Question

The accessibility of rotational degrees of freedom. Diatomic ideal gases at \(T=300 \mathrm{~K}\) have rotational partition functions of approximately \(q=200\). At what temperature would \(q\) become small (say \(q<10\) ) so that quantum effects become important?

Short answer

At temperatures below 15 K, the rotational partition function q will be less than 10.

Step-by-step solution

Understand the Given Data

We're given that the rotational partition function, denoted as \(q\), is 200 at a temperature \(T=300 \, \mathrm{K}\).
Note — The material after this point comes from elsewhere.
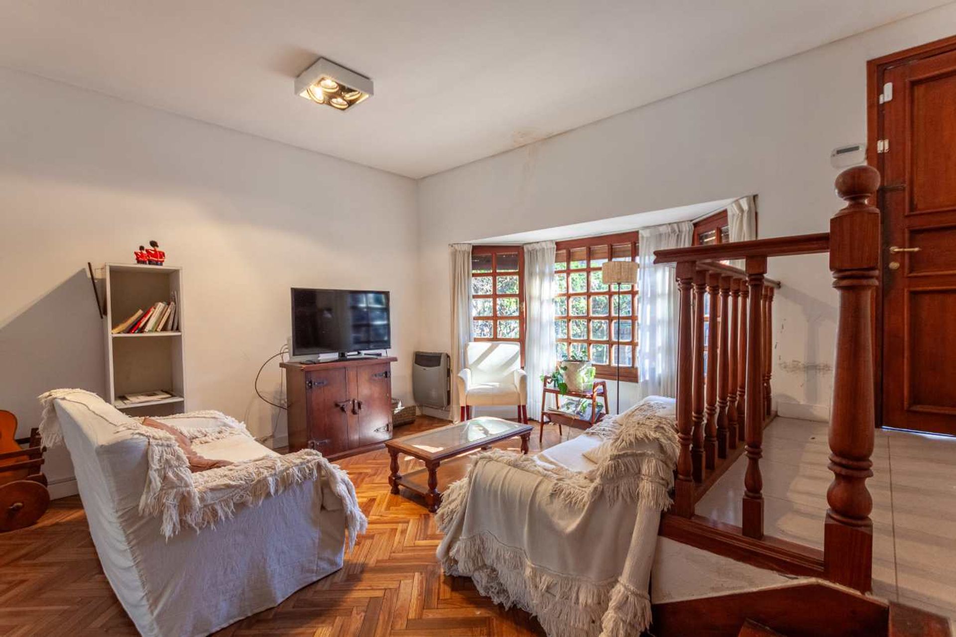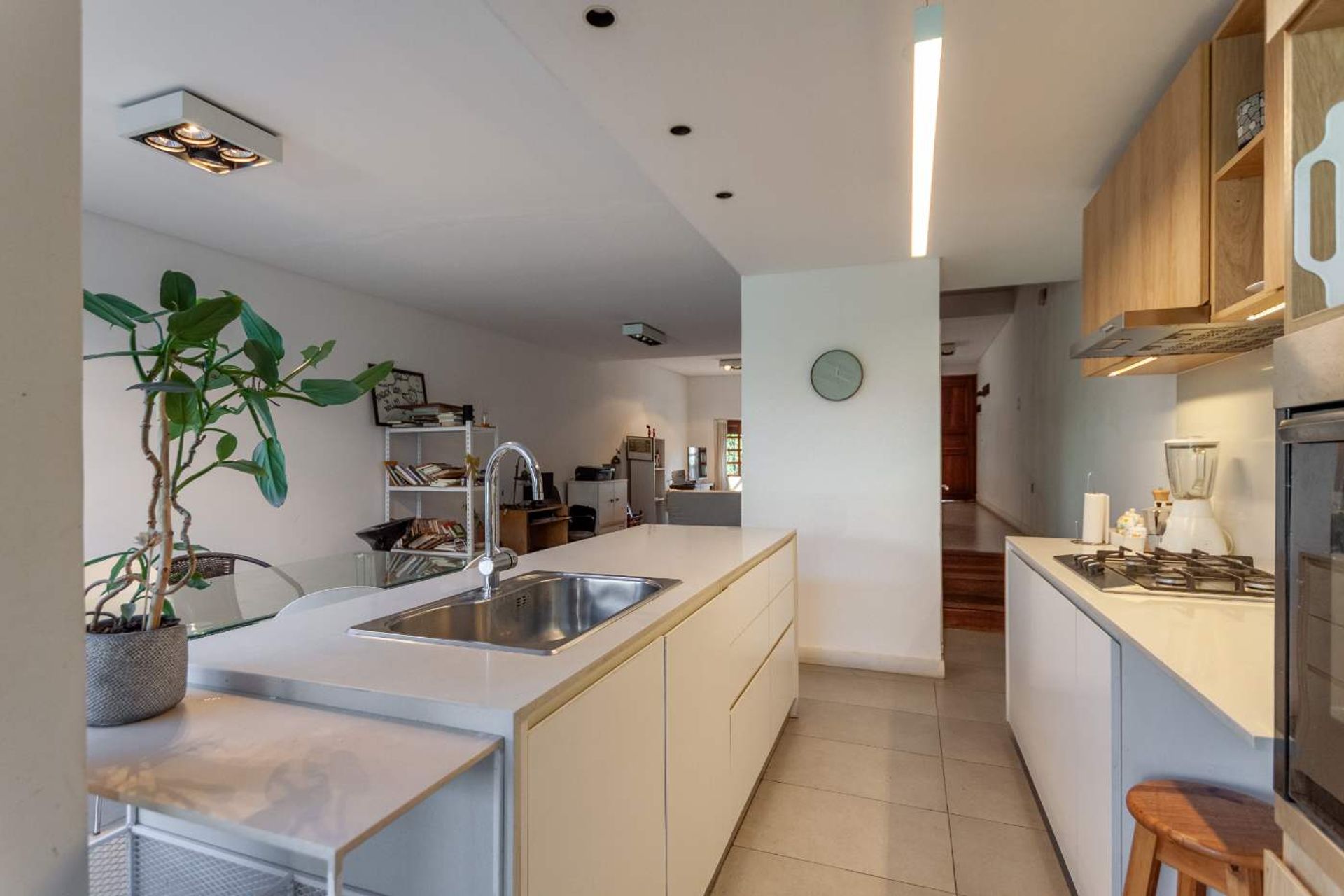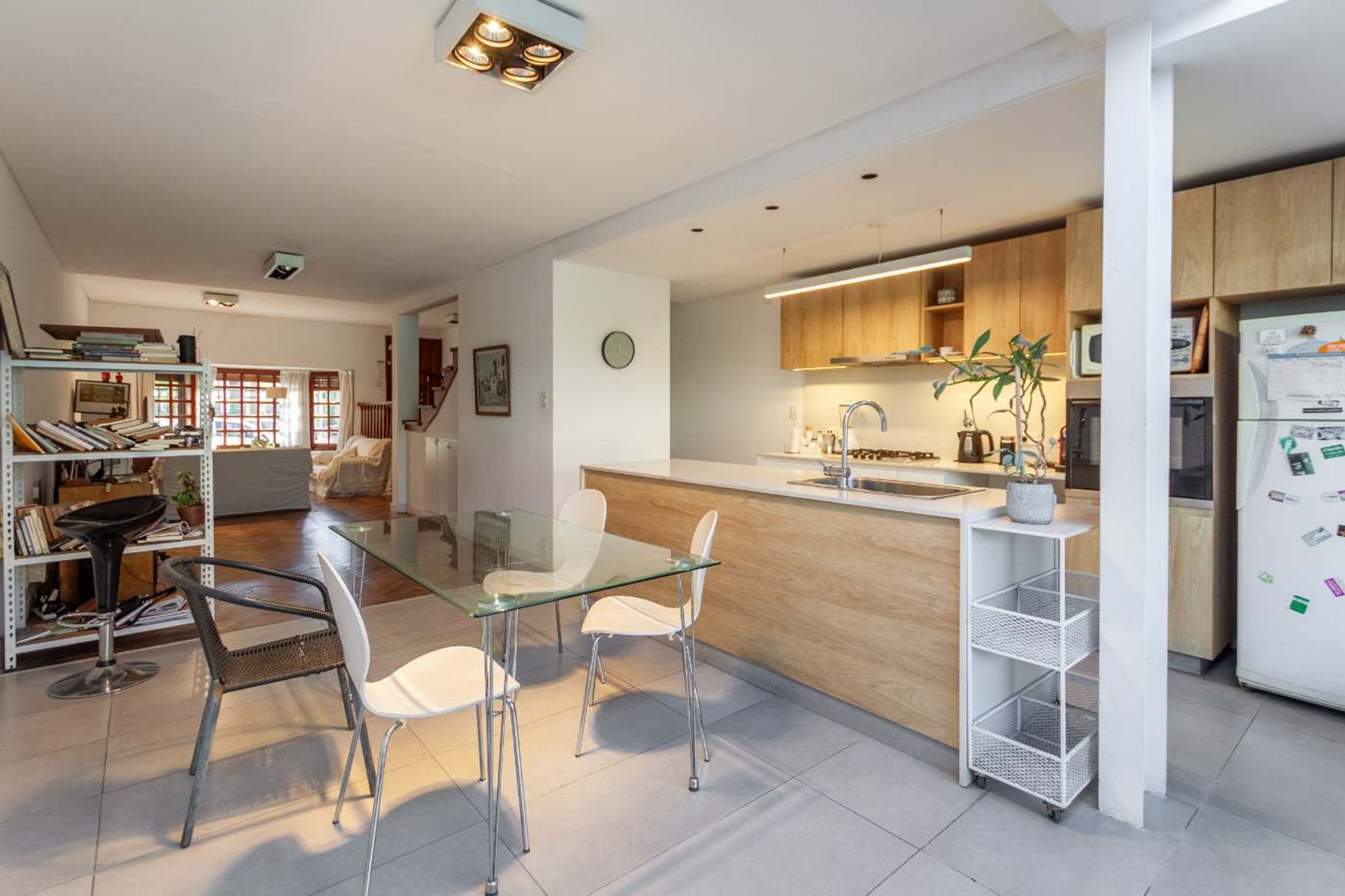 A bright duplex with three rooms, recently renovated in San Fernando. The ground floor features a separate entrance that leads to a spacious living‑dining area with direct access to the garden and a translucent panel that provides natural light. The kitchen, with a semi‑integrated island, is designed for everyday convenience, while the reception toilet complements the entrance.

We need to determine the temperature at which \(q\) becomes less than 10.

Rotational Partition Function Formula

The rotational partition function for a diatomic molecule is given by: \[ q = \frac{T}{\theta_{rot}} \] where \(\theta_{rot}\) is the characteristic rotational temperature.

Calculate Characteristic Rotational Temperature

Using the given value \(q = 200\) at \(T=300 \, \mathrm{K}\), solve for \(\theta_{rot}\):\[ \theta_{rot} = \frac{T}{q} = \frac{300}{200} = 1.5 \, \mathrm{K} \]

Find the Temperature for \(q

To find the temperature at which \(q < 10\), we use the same formula and solve for \(T\):\[ q < 10 \Rightarrow \frac{T}{1.5} < 10 \Rightarrow T < 10 \times 1.5 = 15 \, \mathrm{K} \]

Key concepts

Rotational Degrees of Freedom

In the context of molecular thermodynamics, **rotational degrees of freedom** refer to the number of independent ways a molecule can rotate. For diatomic molecules, such as oxygen or nitrogen, there are typically two principal axes of rotation. These are orthogonal to the bond axis connecting the two atoms.

Each degree of freedom contributes to the energy stored in the system, thereby influencing the overall thermodynamic properties. At higher temperatures, more rotational energy levels become accessible, leading to higher values of the rotational partition function, denoted as \(q\).

Understanding rotational degrees of freedom helps us calculate important parameters like the rotational partition function, which are essential for predicting the behavior of gases.

Quantum Effects

As temperatures decrease, **quantum effects** become increasingly important in determining the behavior of rotational energy levels. At very low temperatures, the energy levels are not continuously accessible; instead, they become quantized. This means that only specific rotational states are energetically permissible.

In this exercise, quantum effects become significant when the rotational partition function \(q\) drops below 10. This indicates that fewer rotational states are accessible for the molecule, and it transitions from classical behavior (where many states are accessible) to quantum behavior (where fewer states are accessible).

Addressing these quantum effects is crucial for accurately modeling molecular behavior at low temperatures.

Characteristic Rotational Temperature

The **characteristic rotational temperature** \(\theta_{rot}\) is a fundamental property that influences the rotational behavior of a molecule. It is defined as the temperature at which the average rotational energy is comparable to the spacing between rotational energy levels.

In this exercise, it was determined that \(\theta_{rot} = 1.5 \text{ K}\) for a diatomic gas. The rotational partition function \(q\) is given by the formula \ q = \frac{T}{\theta_{rot}} \. This relationship tells us that \(q\) is directly proportional to the temperature \(T\).

To find the temperature at which \(q < 10\), we rearranged the formula and solved for \(T\). By doing so, we discovered that when \(T < 15 \text{ K}\), quantum effects dominate, and the rotational partition function becomes small. Understanding \(\theta_{rot}\) is key to predicting molecular behavior across different temperature ranges.